Vibrational spectra of disilenes. Normal coordinate analysis and identification of the nu(Si=Si) stretching vibration

Experimental vibrational spectra are reported for three carbon-substituted disilenes along with data on normal coordinate analysis of several simplified disilene models. Calculations show that there is no normal mode in the disilene spectrum which is well-localized in the Si=Si bond. The Si=Si and Si-C stretching coordinates are heavily mixed. Their in-phase combination results in a normal mode with frequency in the region 450-550cm(-1) which manifests itself as a Raman line of variable intensity (the so-called nu(Si=Si)).

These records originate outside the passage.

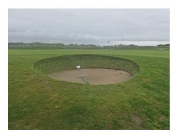
Re furbished 5th hole bunker front right
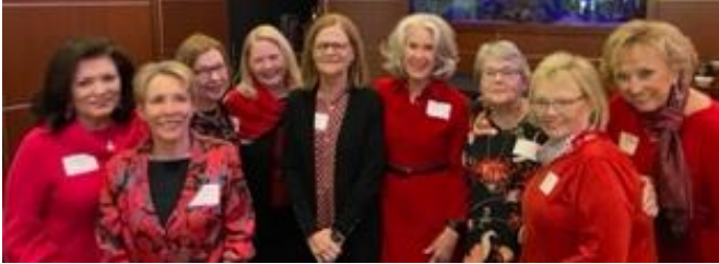
February Galloping Gourmets at Café Blue
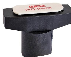
Size: 1/2" up to 1 "
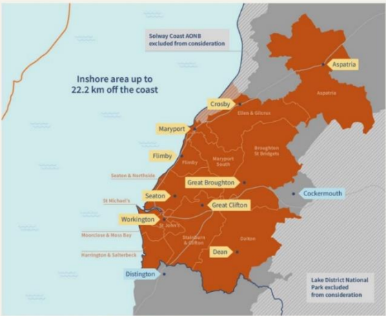
Illustrative map of the search area identified by the Allerdale GDF Working Group
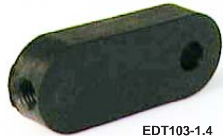
EDT103-1.4 or EDT103-5/16
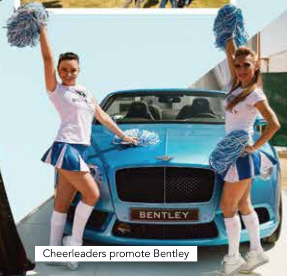
Cheerleaders promote Bentley
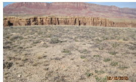
Globemallow/shadscale saltbush/perennial warm and cool season grasses/native and exotic annuals
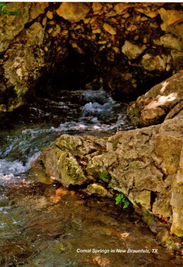
Comal Springs in New Braunfels, TX

of requirements given in §26.405(2) of the Texas Water Code. Organizations, the report as a whole is the work of the TGPC and participating organization. The effort was partially funded by the U.S.
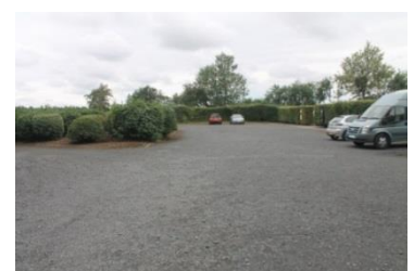
Car park adjacent Etal Castle
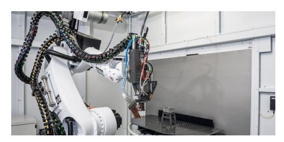
The laser network, serving a TruLaser 3030 ber and a TruLaser Robot 5020, expands the range of services offered by SCS by adding laser cutting and welding.
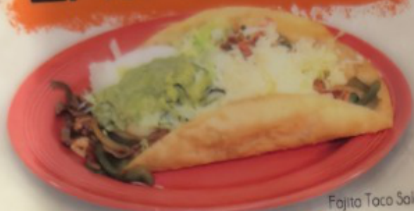
Fajita Taco Salad
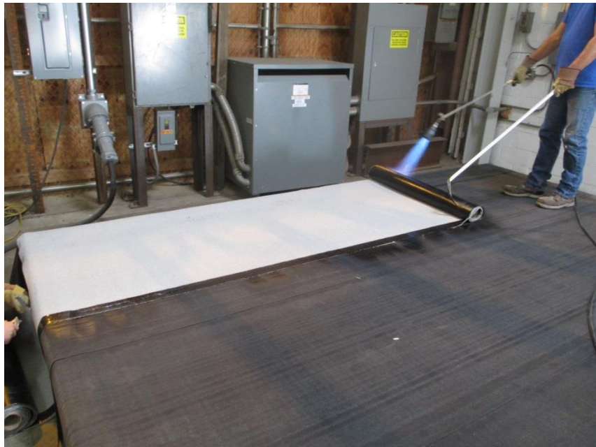
Photo No. 6 Self-Adhered Base Sheet and Torched Cap Sheet
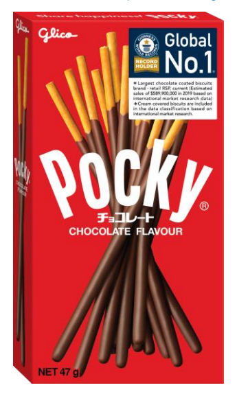
<Special Packages with the GUINNESS WORLD RECORDS record holder logo from Around the Globe>
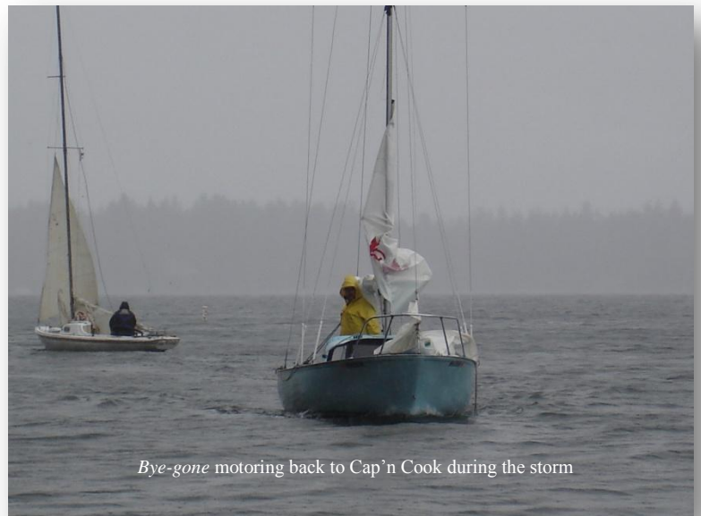
Bye-gone motoring back to Cap'n Cook during the storm

(1st overall) and dodged the huge rain and its wind blast at the end of race #2 by finishing just ahead of that big black cloud and all it had in store for us. Our races course were the same for #'s 1 and 2. (Head South and around Silcox Island.) Since there was so much wind I figured we'd have no trouble with the lee of the island. That proved to be the case. While the wind built and chop developed we all had some very fast moments as well as dicey ones. And as I said near the end of the 2nd race that black cloud bore down on us and boom it hit. Everyone managed to finish (Except Bye-Gone ) and got a good dose of rain to boot. I still had too much sail for sailing single handed and bore away to the North eventually dousing both sails and motoring back to the Cap'n Cook. By then the white caps were breaking up on the crests and water was splashing over the bow and back into the cockpit (and on me). So... we all had that adrenaline rush we crave and eventually all got back to enjoy snacks and especially Layne's Rhubarb/Strawberry pie. Lessons learned: Same-o-Same-o. If you're not on the lake you miss a good time. And... having crew is a must under more windy conditions... And wear those life jackets. (We all did.)
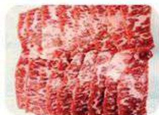
Wagyu Karubi for BBQ
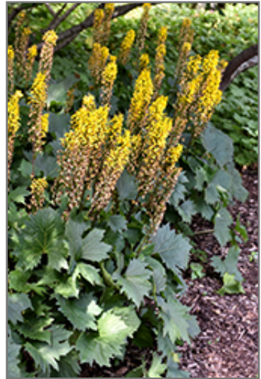
The Rocket Ligularia in bloom
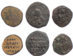
664 Lot of 3 Byzantine
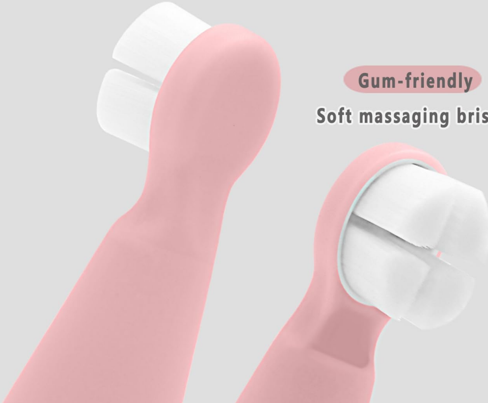
Image 3.2: Innovative silicone design with gum-friendly, soft massaging bristles.
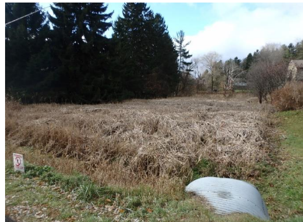
A stand of Phragmites australis (Common Reed), pre and post treatment.
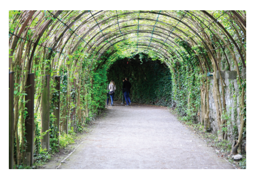
Fig. 1. Mirabell Palce and Garden, Salzburg, classic pergola

Art, the art of garden design and the art of the landscape are subjects which have been intertwined since the dawn of history. The landscape, the garden, landscape and garden interiors can constitute a work of art, house other works of art and can be an inspiration for the visual arts (Fig. 1, 2), finally, they can become a scenography, a background for the presentation of these works. The fine arts can round out a work of landscape architecture and garden design, they can create new effects and values. Finally, works of art can be made in order to transform an existing convention and form of a park or a garden (flower and garden exhibition, as well as land art are a separate issue).
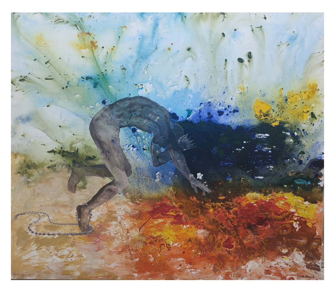
Figure 2: Bala Ahmed, Social Obstacles, Acrylic on canvas, 2022

Like Bala, a number of our respondents noted the increasing influence of Islamic parties in their spaces of work and activism. After the independence referendum in 2017, and the political crisis that followed it, Islamic parties attempted to fill the political vacuum and targeted youth, especially young girls. Artists, feminists and LGBTIQ+ activists, <sup>47</sup> who in recent years have gained some ground, are directly impacted by this Iraq-wide conservative backlash, <sup>48</sup> with concern mounting over the way in which conservative forces are increasingly dominating the already limited public spaces and debates about women, gender and sexuality. <sup>49</sup>
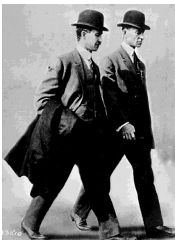
Orville and Wilbur, 1909

Our Book Nook April read is The Wright Brothers , a history by David McCullough.
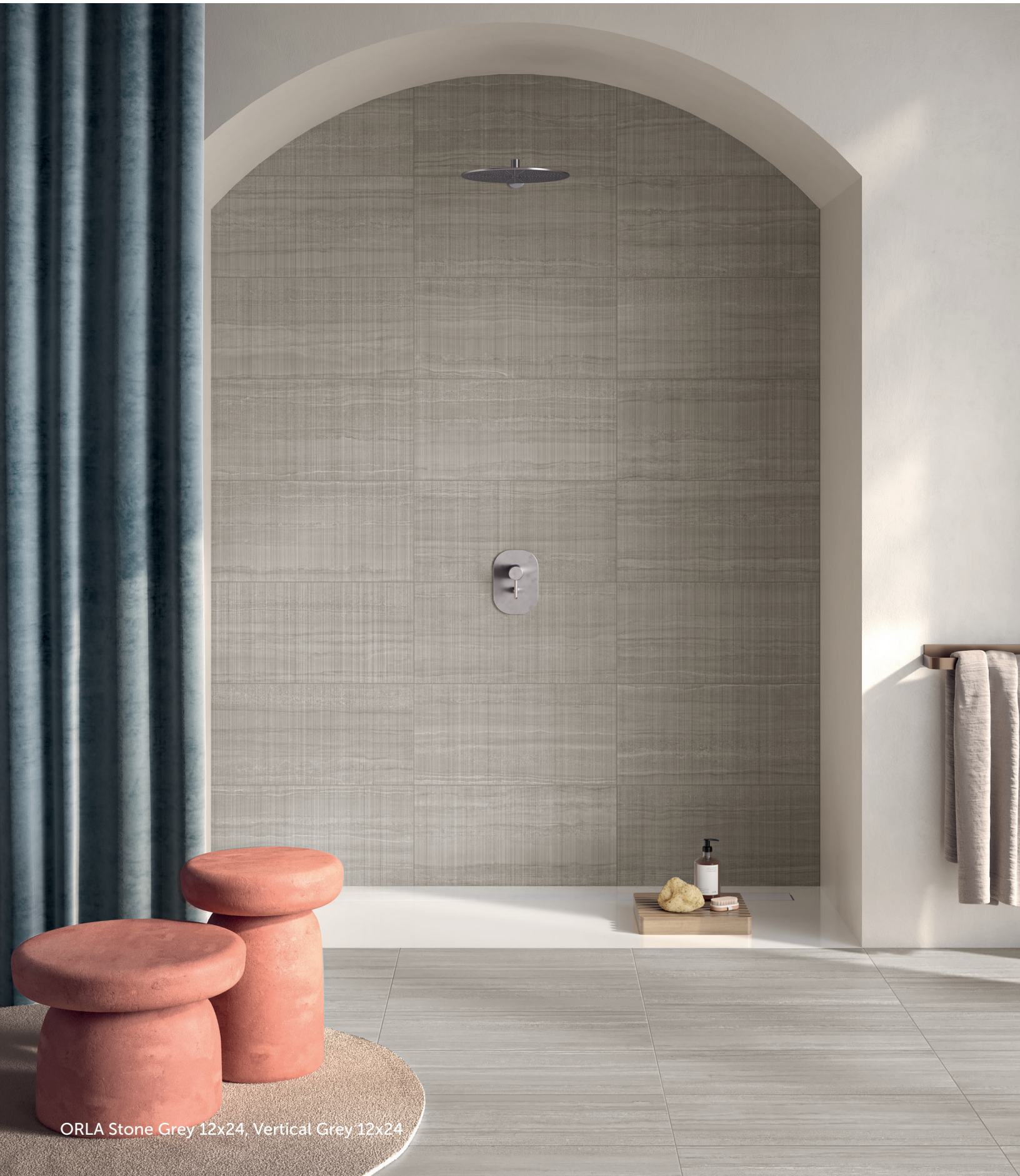
ORLA Stone Grey 12x24, Vertical Grey 12x24
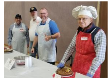
Feb. 16– Men Who Cook (Albion)
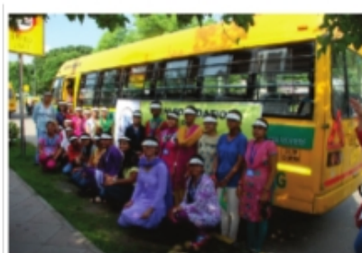
The students posing photographs

Tri – colour Flag was installed inside the park side and decorated with flower malas, The secretary delivered a speech on Independence Day topic and every one paid tribute to Mt. Gandhiji and the Great Shahids. The members enjoyed dancing and fun and tasty food. Prizes were distributed to the winners.
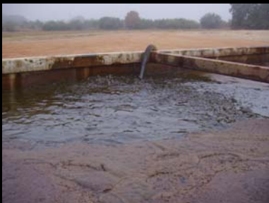
- CNN.com/tecnology November 16, 2007

Plastic shopping bags are made from polyethylene: a thermoplastic made from oil
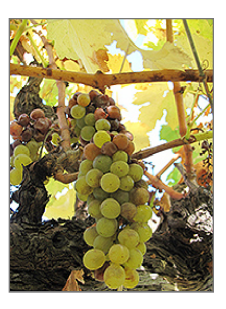
Sauvignon Blanc Grape fruit

Their out-of-phase combination gives a mode in the region of about 700 cm(-1) which shows itself as an intense Raman line (the so-called nu(s)(Si-C)). Vibrations of an aromatic ring, if present in a disilene molecule, can also couple with the nu(Si=Si). Particular eigenvector elements of the two modes in question and thus their potential energy distributions strongly depend on the structure and symmetry of a given disilene molecule. However, the contribution of the Si=Si stretching coordinate to the normal coordinate with frequency in the region 450-550 cm(-1) is always significant, justifying the designation of this mode as the nu(Si=Si). (C) 1997 Elsevier Science S.A.